В этом же роде могу дать и другой пример. Меня вызвала однажды семья одной нашей ветхой старушки, светлой-пресветлой женщины. Она явно должна была умереть в тот же день. Она поисповедалась, и напоследок я ее спросил: “А скажите, Наташа, вы всем и все простили или у вас какая-то заноза еще есть в душе?”. Она ответила: “Всем я простила, кроме своего зятя; ему не прощу никогда!”. Я сказал на это: “В таком случае я не дам вам разрешительной молитвы и не причащу Святых Таин; вы уйдете на суд Божий и будете отвечать перед Богом за свои слова”. Она говорит: “Ведь я сегодня умру!”. — “Да, вы умрете без разрешительной молитвы и без причащения, если не покаетесь и не примиритесь. Я вернусь через час” — и ушел. Когда через час я вернулся, она меня встретила сияющим взором и говорит: “Как вы были правы! Я позвонила своему зятю, мы объяснились, примирились он сейчас едет ко мне, и я надеюсь, до смерти мы друг друга поцелуем, и я войду в вечность примиренная со всеми”.
Источник: Архив митрополита Антония
Маргарет Драббл: «Я не боюсь смерти. Я беспокоюсь о жизни’ | Книги
Нам часто говорят, что в прежние времена во всех культурах существовало представление о загробной жизни — что «все» верили в ту или иную форму жизни после смерти, будь то путешествие по реке в темную землю, вечность адского огня и муки, рай с ангелами и амброзией или воссоединение с любимыми. Мы придумали множество метафор, чтобы пересечь Стикс. Некоторые культуры верили и верят в перерождение и переселение душ. В христианских странах 21-го века ортодоксальные религиозные службы по-прежнему обычно исповедуют веру в воскресение тела. Живопись, поэзия и мифология предлагают нам видения рая и ада, некоторые ужасающие, а некоторые, как у Стэнли Спенсера, обнадеживающие и утешительные. Но я всегда подозревал, что большинство из нас, даже в благочестивом Средневековье, где доминировали священники, на самом деле не верили в то, что мы говорили, что верим. Большинство из нас знали, что когда мы умирали, нас не было. Мы никуда не пошли. Мы перестали быть. Вот что нам не нравилось в смерти — не страх ада, а страх небытия.

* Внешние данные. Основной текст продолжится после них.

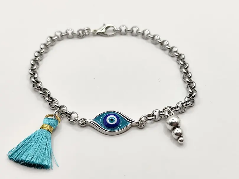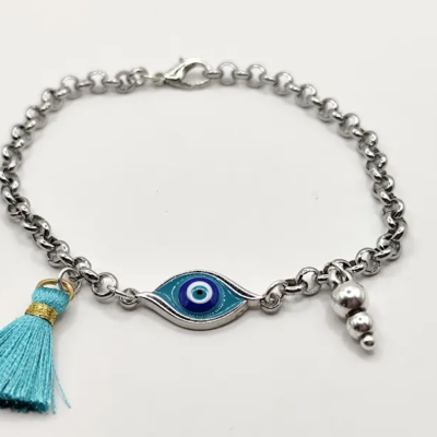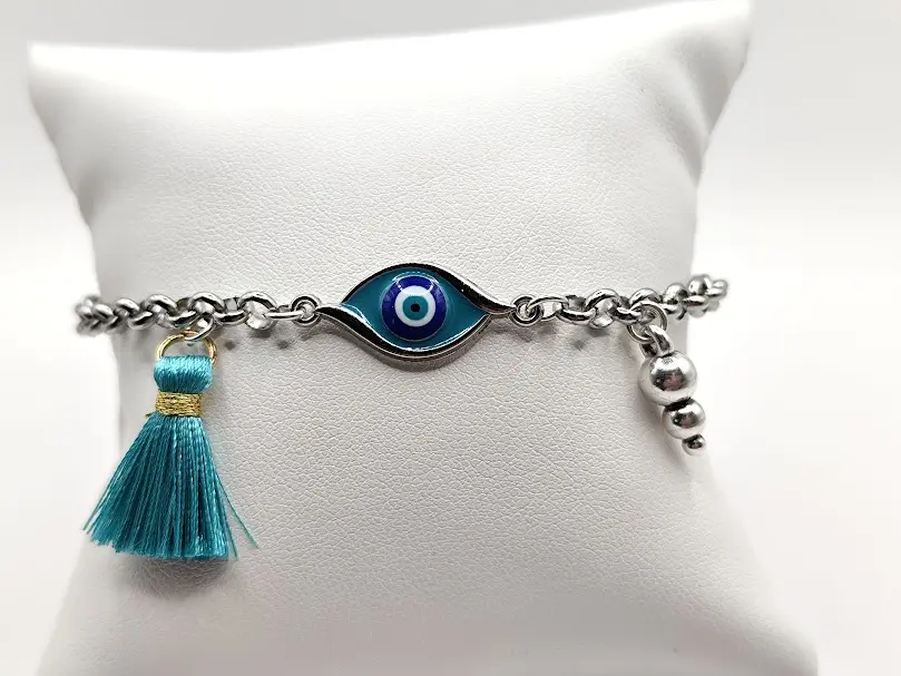 Βραχιόλι ατσάλινη αλυσίδα στοιχείο ματάκι με σμάλτο φουντάκι.

Исторически и антропологически это еретическая позиция, и когда я пытаюсь ее оспорить, меня обычно перекрикивали. Мне сказали, что у меня нет исторического воображения. Тогда все было иначе, утверждают ученые. Тогда природа человека была другой.
Возможно, так оно и было. Еще при жизни я знал нескольких верующих, истинно верующих, которые непременно попали бы в рай, если бы они были. Более века назад Роберт Браунинг вполне мог ожидать встречи со своей женой Элизабет Барретт Браунинг в потустороннем мире, как он написал в своем великом смертоносном стихотворении «Проспис», одном из первых произведений, которые я когда-либо выучил наизусть. «О ты, душа моей души! Я снова обниму тебя, и да будет с Богом остальное!» Их совместная жизнь на Земле была настолько чудесной, что еще одно чудо не было бы удивительным.
Иллюзии о загробной жизни, кажется, также сковывают современных мучеников, если мы можем верить всему, что нам говорят. Но это уже другая история, другая тема, настолько чуждая большинству из нас, что ее трудно осмыслить.
Я бы сказал, что на преимущественно светском Западе мы сейчас живем в пострелигиозную эпоху, когда истинная вера в выживание после смерти, приятной или неприятной, ограничена небольшим меньшинством. Это не спорная позиция, но она заставляет остальных из нас бороться со значением смерти, поскольку мы больше не можем рассматривать ее как перевалочный пункт в какое-то другое место, или как великое приключение, или даже, в предполагаемых последних словах Генри Джеймса, как «выдающейся вещи». Смерть становится все менее заметной.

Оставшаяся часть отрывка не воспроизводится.